Under r 616 Uniform Civil Procedure Rules 1999 (Qld), an application for a reseal of a foreign grant can be made by the executor or administrator or person authorised by the executor or administrator to apply.
The resealed document has the same force and effect as if it was an original grant issued by the court. The Queensland assets can then be brought in and administered.
Western Australia
A grant of probate or letters of administration (or equivalent) made within a particular jurisdiction (including a different state in Australia) has no effect in other jurisdictions. For example, assets located within WA cannot be dealt with by a foreign grant.
However, a grant in jurisdictions being Her Majesty's dominions (which include all other states and territories in Australia, as well as New Zealand, the United Kingdom, Canada and Papua New Guinea among others) can be "resealed".
In WA, s 61 of the Administration Act provides that the original executor or administrator, or a person authorised by a power of attorney given by the executor or administrator, can have the foreign grant resealed by the Supreme Court of WA, whereupon it has the same effect as if the original grant of probate/administration had been in WA. The WA assets can then be brought in and administered.
South Australia
Section 17 of the Administration and Probate Act 1919 (SA) provides that “Probate and administration granted in other States or the United Kingdom or by foreign Court to be of like force as if granted in South Australia, on being re-sealed”. Rule 50 of The Probate Rules 2015 sets out the procedure.
Tasmania
A grant of probate or letters of administration (or equivalent) made within a particular jurisdiction (including a different state in Australia) has no effect in other jurisdictions. For example, assets located within Tasmania cannot be dealt with by a foreign grant.
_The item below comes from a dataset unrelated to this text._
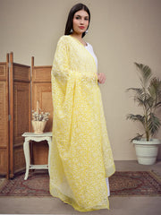 Seva Chikan Hand Embroidered Lucknowi Chikankari Yellow Georgette Tepchi Work Dupatta-SCL12015

However, a grant in jurisdictions being Her Majesty's dominions can be "resealed".
In Tasmania, s 48 of the Administration and Probate Act provides that the original executor or administrator, or a person authorised by a power of attorney given by the executor or administrator, can have the foreign grant resealed by the Supreme Court of Tasmania, whereupon it has the same effect as if the original grant of probate/administration had been in Tasmania. The Tasmania assets can then be brought in and administered.
Australian Capital Territory
A grant of probate or letters of administration (or equivalent) made within a particular jurisdiction (including a different state in Australia) has no effect in other jurisdictions. For example, assets located within Australian capital territory cannot be dealt with by a foreign grant.
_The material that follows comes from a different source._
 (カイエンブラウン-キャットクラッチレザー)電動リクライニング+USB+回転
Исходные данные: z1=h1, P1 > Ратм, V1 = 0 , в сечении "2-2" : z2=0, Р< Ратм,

However, a grant in jurisdictions being Her Majesty's dominions (which include all other states and territories in Australia, as well as New Zealand, the United Kingdom, Canada and Papua New Guinea among others) can be "resealed".
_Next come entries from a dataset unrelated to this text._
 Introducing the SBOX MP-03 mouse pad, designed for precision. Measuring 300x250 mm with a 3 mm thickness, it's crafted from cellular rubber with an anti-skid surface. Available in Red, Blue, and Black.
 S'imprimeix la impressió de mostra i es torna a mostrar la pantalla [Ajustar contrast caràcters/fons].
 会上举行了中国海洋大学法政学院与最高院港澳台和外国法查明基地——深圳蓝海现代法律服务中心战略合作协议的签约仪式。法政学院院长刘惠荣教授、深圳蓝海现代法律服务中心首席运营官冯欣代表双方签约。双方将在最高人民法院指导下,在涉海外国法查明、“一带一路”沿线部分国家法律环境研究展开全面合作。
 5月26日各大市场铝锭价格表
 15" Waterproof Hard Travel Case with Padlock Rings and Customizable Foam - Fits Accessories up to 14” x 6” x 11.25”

In the Australian Capital Territory, s 80 of the Administration and Probate Act 1929 (ACT) provides that the original executor or administrator, or a person authorised by a power of attorney given by the executor or administrator, can have the foreign grant resealed by the Supreme Court of Australian Capital Territory, whereupon it has the same effect as if the original grant of probate/administration had been in Australian Capital Territory. The ACT assets can then be brought in and administered.